We believe that as organizational processes are increasingly embedded in information systems, one of the key considerations of many business processes--organizational incentives--should become the third dimension of any information systems design and evaluation. We call this third dimension incentive alignment. It addresses the high-level design issues that recognize the interests and incentives of the users participating in the process (e.g., users' own objectives may differ from the corporate objectives), the differences in the distribution of information across the users, and the desirability of the eventual collective choice from the organization's standpoint. There are two fundamental, interrelated issues in this dimension. First, given the organizational process embedded in the information system, are organizational incentives in place for users to use the system as intended? That is, will the users make the effort to produce correct information?
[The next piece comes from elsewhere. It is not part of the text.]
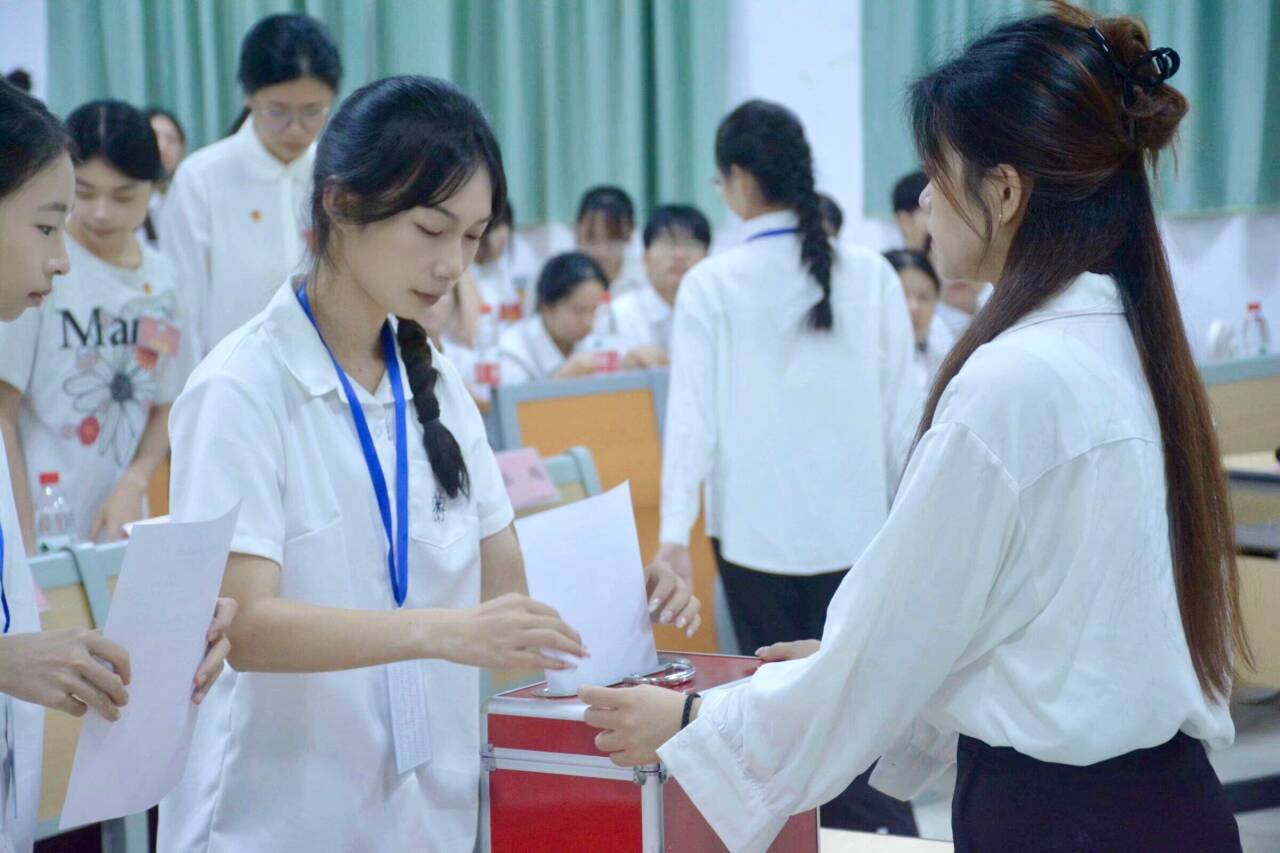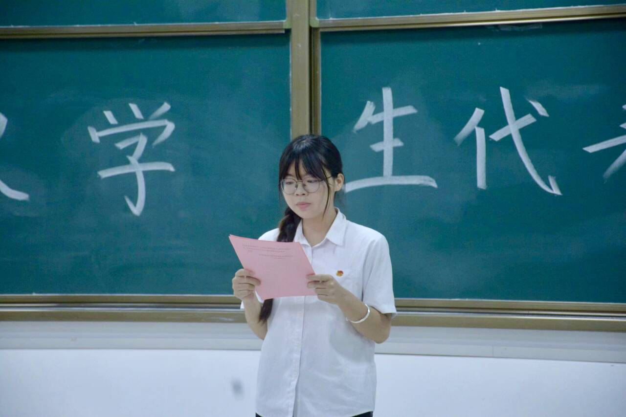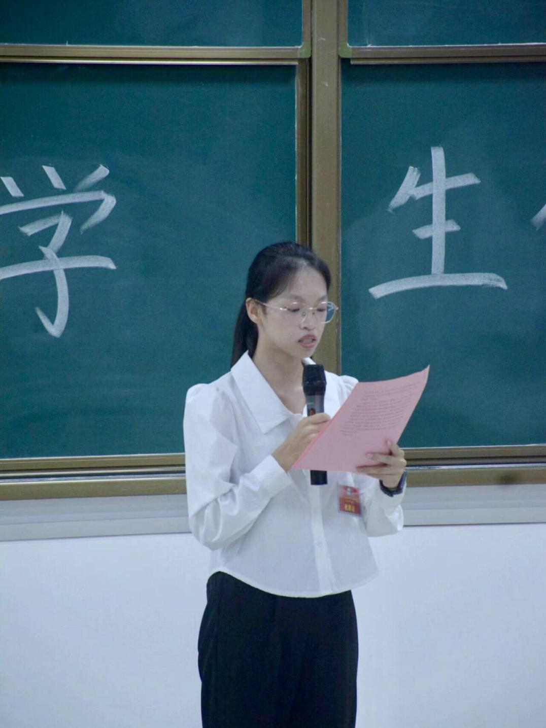 新一届当选学院学生会主席团成员黎丘雨同志宣读大会倡议书,号召全体学生干部要始终深入学习贯彻习近平新时代中国特色社会主义思想,在党的领导、共青团的指导下,秉持“全心全意为同学服务”的宗旨,践行“德才并育,知行合一”的校训和“明德至善 格物致知”的院训,把青春奋斗融入时代洪流,在推进强国建设、民族复兴伟业中展现新时代青年的担当。

Will they input the true and accurate information they have? Or can they gain from distorting information? Second, will the use of the information system for a business process yield outcomes that contribute to reaching the organization's objectives? Is it robust against information misrepresentation from its users? Systems can be fault tolerant and easy to use but may fail to contribute to the organizational goal. A design methodology is needed that ensures that the new system and the embedded organizational process will be aligned with the organizational goals. Consequently, an information system should be evaluated along this dimension as well.